----- RECORDS SHOWN -----

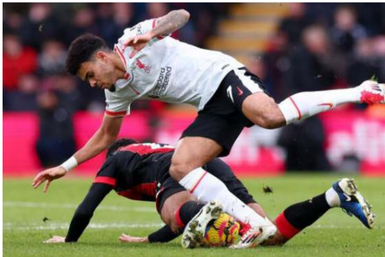
Liverpool se mantiene líder de la Premier con 56 puntos, 9 por encima del Arsenal que enfrentará al Manchester City.

El primer gol del encuentro llegó por parte de Mohamed Salah, quien convirtió un penalti a los 30 minutos con un potente disparo rasante que se coló por el poste izquierdo del portero español Kepa Arrizabalaga.
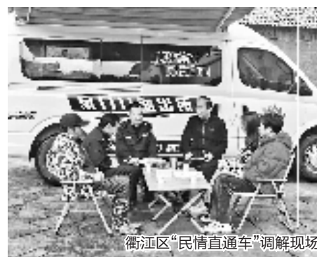
衢江区“民情直通车”调解现场

去年8月,云溪乡发生一起民房起火事故,已经入睡的独居老人被烟感报警器的警报声惊醒后成功脱困。这次成功避险的背后,是当地构建的“安居守护”智慧系统在发挥作用。
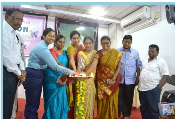
Lighting of the Lamp
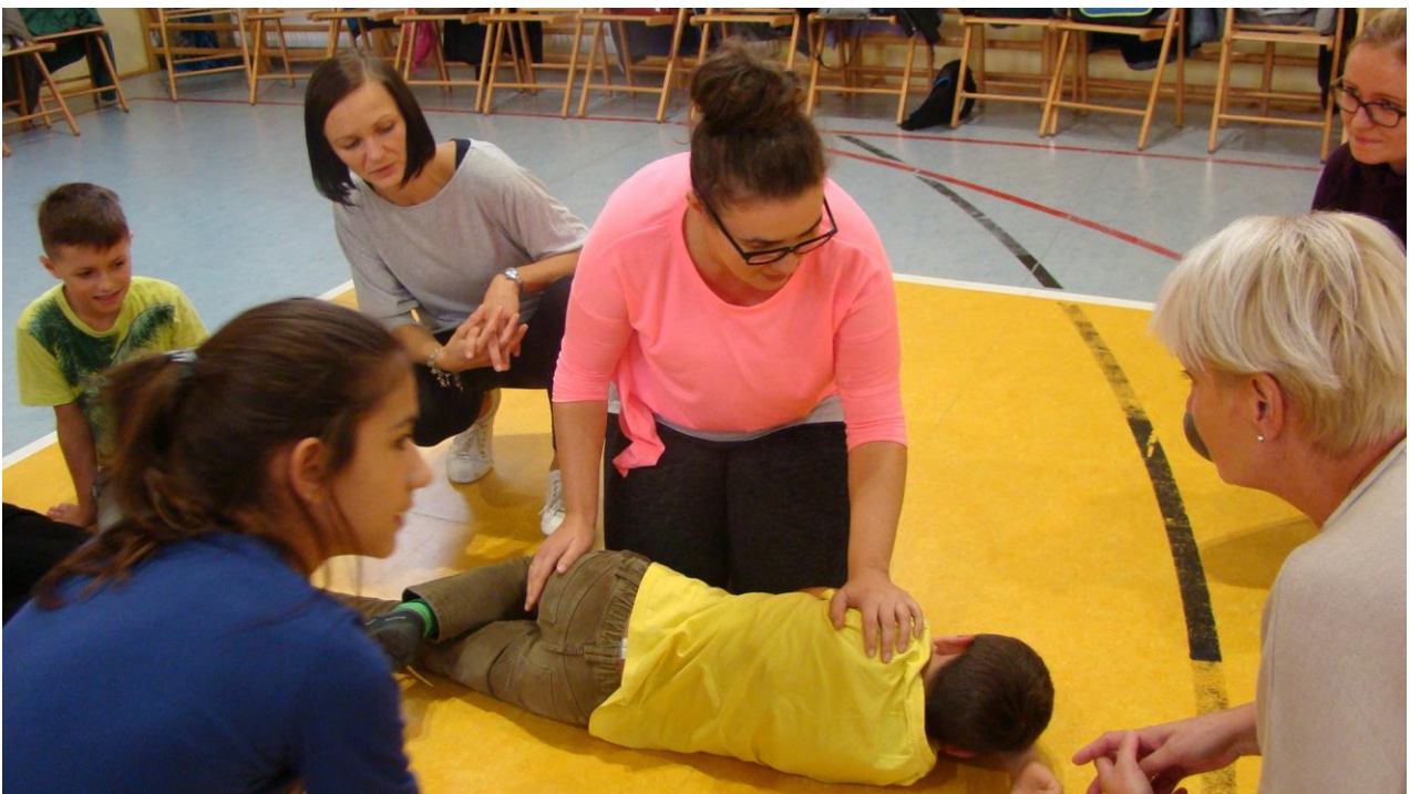
wykonie pozycji bocznej bezpiecznej , kiedy poszkodowany stracił przytomność , ale oddycha i ma zachowaną pracę serca
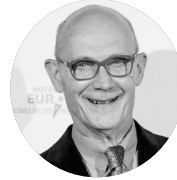
Pascal Lamy Président emeritus
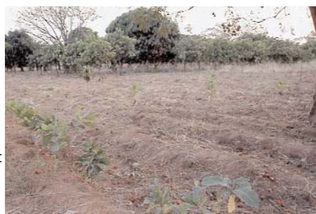
Haie-vive d'anacardiers installés par semis direct (Korhogo)

L'anacardier est aussi utilisé en haie fruitière de protection ou de délimitation de parcelles. L'installation se fait par semis direct : les graines sont semées en ligne avec un écartement de 50 cm environ.
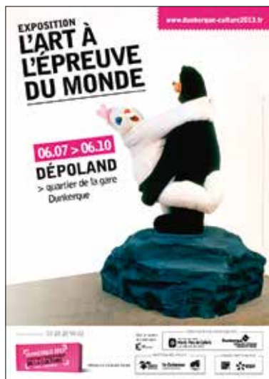
Fig. 6. Affiche de l'exposition L'art à l'épreuve du monde , Dunkerque, Dépoland, 6 juillet – 6 octobre 2013 (commissariat : Jean-Jacques Aillagon). Œuvre représentée : Paul McCarthy, Bear and Rabbit on a Rock , 1993, matériaux mixtes, 270 × 190 × 130 cm, Collection Pinault.

moderne et contemporain. Mais Jeff Koons, Takashi Murakami, Maurizio Cattelan (1960), Damien Hirst, Raymond Pettibon (1967) ou Paul McCarthy (1945) sont des choix qui passent encore pour secondaires, voire subsidiaires dans la presse généraliste, où l'accent est encore mis sur la contemplation et l'épure : le kitsch ou le grotesque ne sont que des découvertes que l'on s'autorise et qui font presque figure d'écarts. Sans que la chose soit ouvertement formulée, un canon classique et une norme esthétique sont réaffirmés : le silence et le dépouillement, la contemplation et la mystique, le refuge hors du monde.
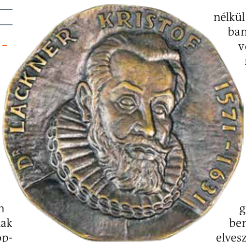
Lackner Kristóf Renner Kálmán (1927–1994) soproni éremművész alkotásán
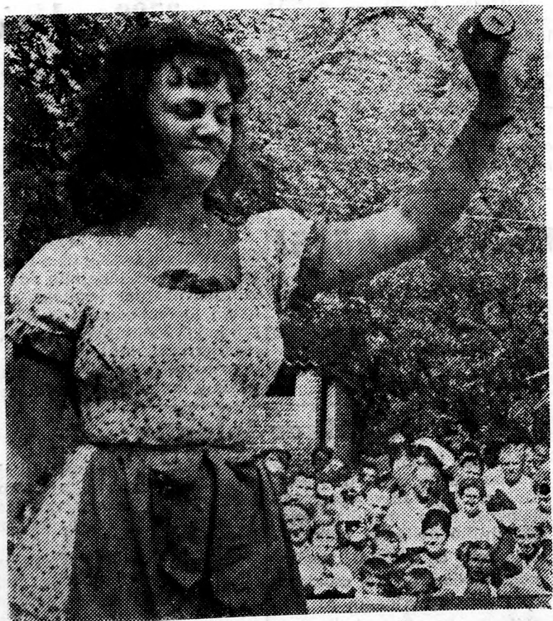
Másodszor fordul a szeren csekerék

A szocialista mezőgazdasági nagyüzemek kialakulásával a falvakban is napirendre került az ügyvitel korszerűsítése. Arra természetesen még sokáig nem lesz mód, hogy a több ezer termelőszövetkezetet drága könyvelőgépekkel szereljék fel, egy-egy ötlettel, jobb szervezéssel azonban most is előre lehet jutni. A Szervezési és Ügyvitel-gépesi-
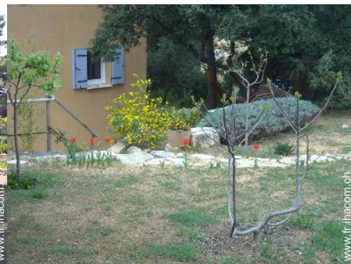
Cadre extérieur à disposition des hôtes
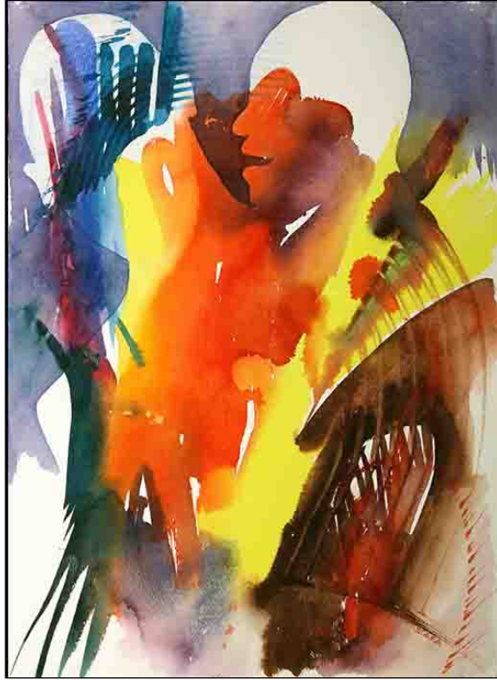
acquerello su carta - cm 55x76
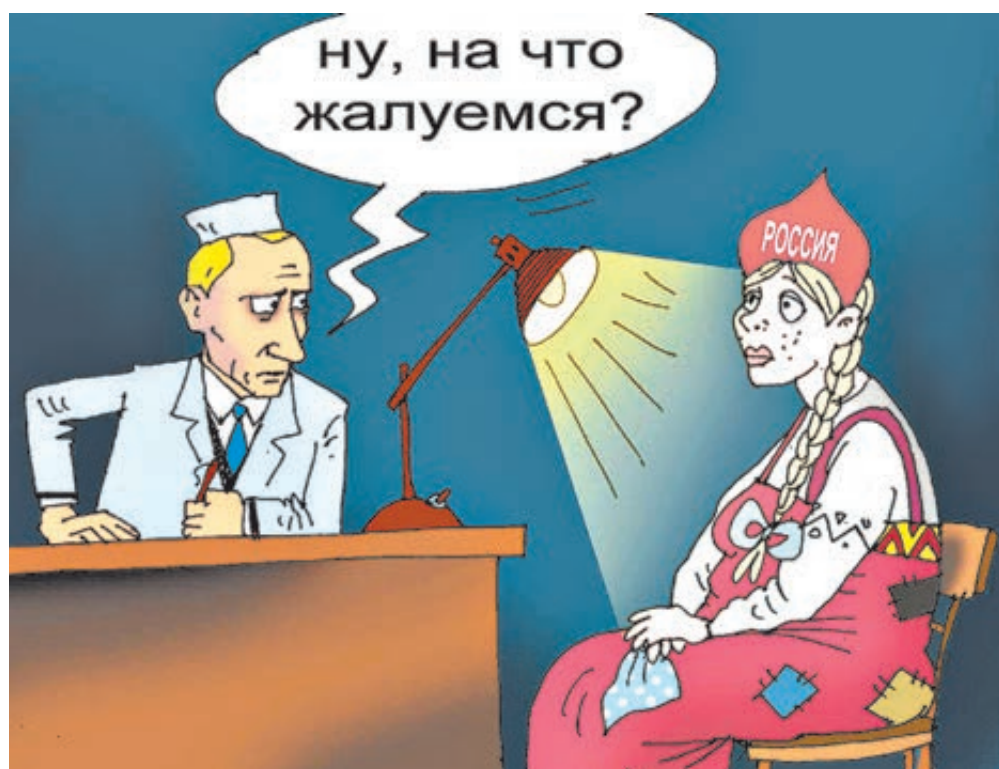
ИЛЛЮСТРАЦИЯ СЕРГЕЯ КОКАРЕВА / CARTOONBANK.RU

А что с содержанием? Неизменным остается спектр вопросов, которые интересуют граждан. Из года в год их волнуют практически одни и те же проблемы: экономика, социалка, коммуналка, ухудшение медицины и образования, цены на продукты, коррупция чиновников, претензии к правоохранительным органам, происки наших зару-

-----

» DESCRIPTION OF THE TASK: Give all the lines above again, character for character, without pictures.

» COMPLETED EXERCISE:
Liverpool se mantiene líder de la Premier con 56 puntos, 9 por encima del Arsenal que enfrentará al Manchester City.

El primer gol del encuentro llegó por parte de Mohamed Salah, quien convirtió un penalti a los 30 minutos con un potente disparo rasante que se coló por el poste izquierdo del portero español Kepa Arrizabalaga.
衢江区“民情直通车”调解现场

去年8月,云溪乡发生一起民房起火事故,已经入睡的独居老人被烟感报警器的警报声惊醒后成功脱困。这次成功避险的背后,是当地构建的“安居守护”智慧系统在发挥作用。
Lighting of the Lamp
wykonie pozycji bocznej bezpiecznej , kiedy poszkodowany stracił przytomność , ale oddycha i ma zachowaną pracę serca
Pascal Lamy Président emeritus
Haie-vive d'anacardiers installés par semis direct (Korhogo)

L'anacardier est aussi utilisé en haie fruitière de protection ou de délimitation de parcelles. L'installation se fait par semis direct : les graines sont semées en ligne avec un écartement de 50 cm environ.
Fig. 6. Affiche de l'exposition L'art à l'épreuve du monde , Dunkerque, Dépoland, 6 juillet – 6 octobre 2013 (commissariat : Jean-Jacques Aillagon). Œuvre représentée : Paul McCarthy, Bear and Rabbit on a Rock , 1993, matériaux mixtes, 270 × 190 × 130 cm, Collection Pinault.

moderne et contemporain. Mais Jeff Koons, Takashi Murakami, Maurizio Cattelan (1960), Damien Hirst, Raymond Pettibon (1967) ou Paul McCarthy (1945) sont des choix qui passent encore pour secondaires, voire subsidiaires dans la presse généraliste, où l'accent est encore mis sur la contemplation et l'épure : le kitsch ou le grotesque ne sont que des découvertes que l'on s'autorise et qui font presque figure d'écarts. Sans que la chose soit ouvertement formulée, un canon classique et une norme esthétique sont réaffirmés : le silence et le dépouillement, la contemplation et la mystique, le refuge hors du monde.
Lackner Kristóf Renner Kálmán (1927–1994) soproni éremművész alkotásán
Másodszor fordul a szeren csekerék

A szocialista mezőgazdasági nagyüzemek kialakulásával a falvakban is napirendre került az ügyvitel korszerűsítése. Arra természetesen még sokáig nem lesz mód, hogy a több ezer termelőszövetkezetet drága könyvelőgépekkel szereljék fel, egy-egy ötlettel, jobb szervezéssel azonban most is előre lehet jutni. A Szervezési és Ügyvitel-gépesi-
Cadre extérieur à disposition des hôtes
acquerello su carta - cm 55x76
ИЛЛЮСТРАЦИЯ СЕРГЕЯ КОКАРЕВА / CARTOONBANK.RU

А что с содержанием? Неизменным остается спектр вопросов, которые интересуют граждан. Из года в год их волнуют практически одни и те же проблемы: экономика, социалка, коммуналка, ухудшение медицины и образования, цены на продукты, коррупция чиновников, претензии к правоохранительным органам, происки наших зару-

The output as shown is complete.